[Collected data]

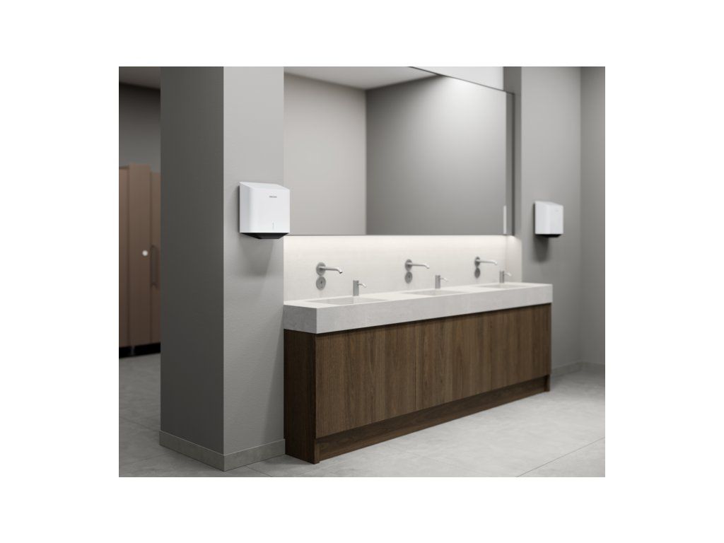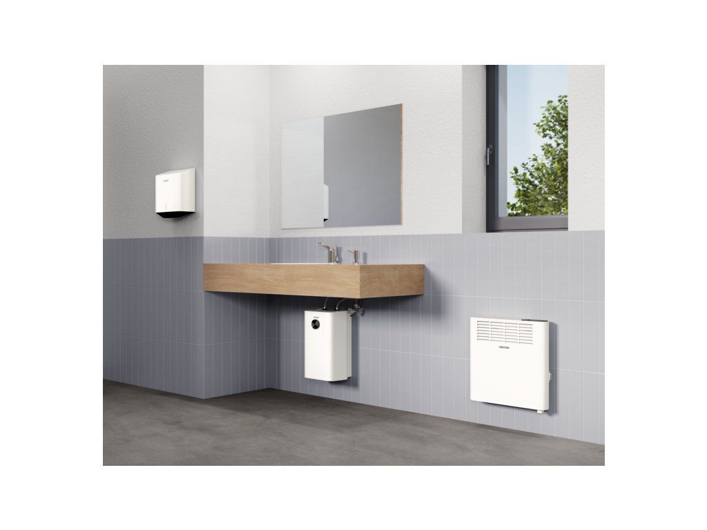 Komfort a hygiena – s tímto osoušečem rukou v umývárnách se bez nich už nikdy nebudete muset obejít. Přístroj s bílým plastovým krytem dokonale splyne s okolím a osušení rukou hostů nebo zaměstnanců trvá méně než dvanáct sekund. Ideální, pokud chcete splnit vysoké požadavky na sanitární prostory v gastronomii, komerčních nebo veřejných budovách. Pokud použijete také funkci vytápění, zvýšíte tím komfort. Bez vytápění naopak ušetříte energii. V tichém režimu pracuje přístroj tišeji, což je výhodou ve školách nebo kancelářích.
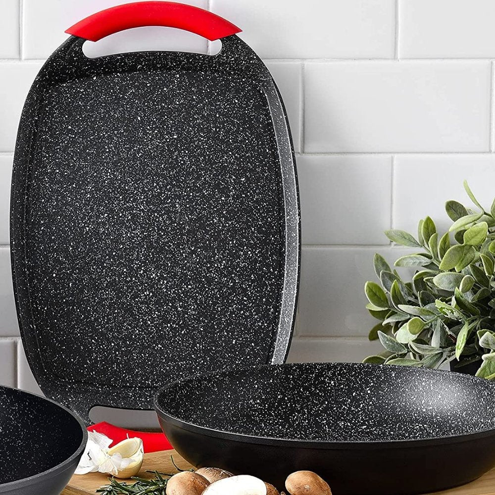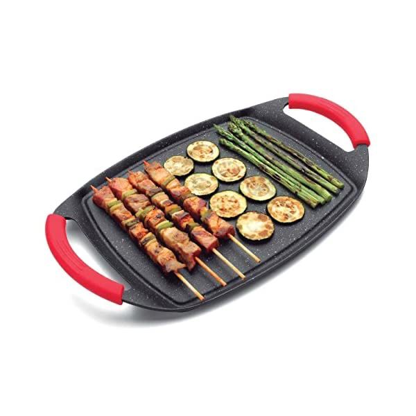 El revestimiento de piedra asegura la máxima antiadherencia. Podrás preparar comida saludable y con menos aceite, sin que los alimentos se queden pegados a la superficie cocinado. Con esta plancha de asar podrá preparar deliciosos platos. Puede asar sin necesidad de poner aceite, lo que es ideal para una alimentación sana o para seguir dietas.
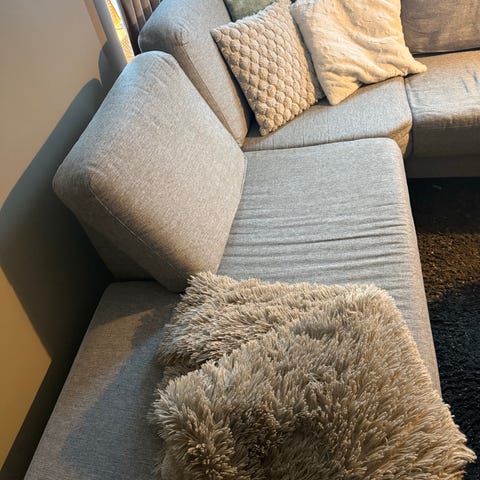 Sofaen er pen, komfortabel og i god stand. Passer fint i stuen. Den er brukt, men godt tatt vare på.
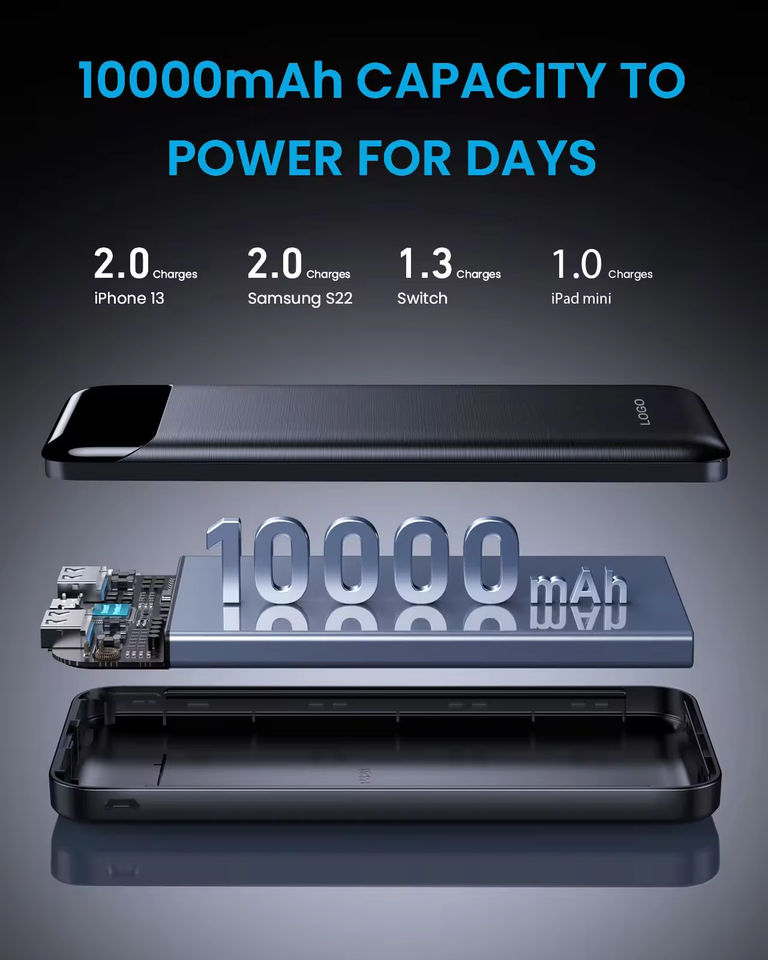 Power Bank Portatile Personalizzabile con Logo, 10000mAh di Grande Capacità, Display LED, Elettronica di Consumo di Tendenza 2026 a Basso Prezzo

[/Collected data]

How to complete this task:
In the data, the line that contains "Sofaen er pen, komfortabel" begins the part to write out; restate it and each line after it word for word through the end, with no pictures.

Problem solution:
 Sofaen er pen, komfortabel og i god stand. Passer fint i stuen. Den er brukt, men godt tatt vare på.
 Power Bank Portatile Personalizzabile con Logo, 10000mAh di Grande Capacità, Display LED, Elettronica di Consumo di Tendenza 2026 a Basso Prezzo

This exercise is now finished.